— What is required —
In the records below, find the line with "ご希望通り、お二人の素材はK18金イエローゴールドで作りました。" and the line with "Тетрадь ученическая школьная"; return exactly those lines and every line between them.

(Beginning of Data to examine)

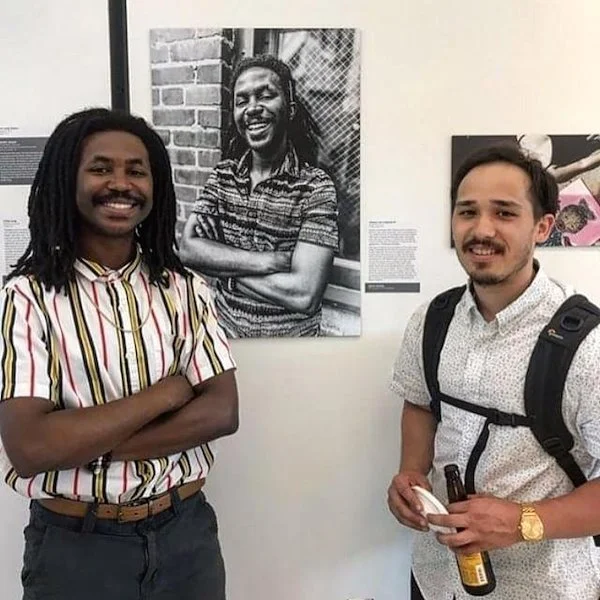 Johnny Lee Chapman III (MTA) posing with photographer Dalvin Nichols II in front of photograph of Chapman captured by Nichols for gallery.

(End of Data to examine)
(Beginning of Data to examine)

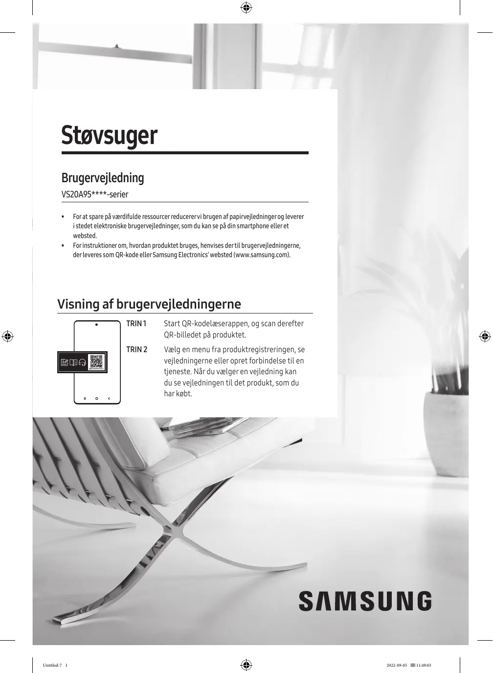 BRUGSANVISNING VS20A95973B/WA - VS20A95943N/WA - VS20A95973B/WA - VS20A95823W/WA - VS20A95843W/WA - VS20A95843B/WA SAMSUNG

(End of Data to examine)
(Beginning of Data to examine)

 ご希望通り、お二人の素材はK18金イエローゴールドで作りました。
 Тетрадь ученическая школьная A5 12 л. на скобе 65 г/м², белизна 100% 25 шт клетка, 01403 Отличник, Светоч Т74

(End of Data to examine)

— Answer to the problem —
 ご希望通り、お二人の素材はK18金イエローゴールドで作りました。
 Тетрадь ученическая школьная A5 12 л. на скобе 65 г/м², белизна 100% 25 шт клетка, 01403 Отличник, Светоч Т74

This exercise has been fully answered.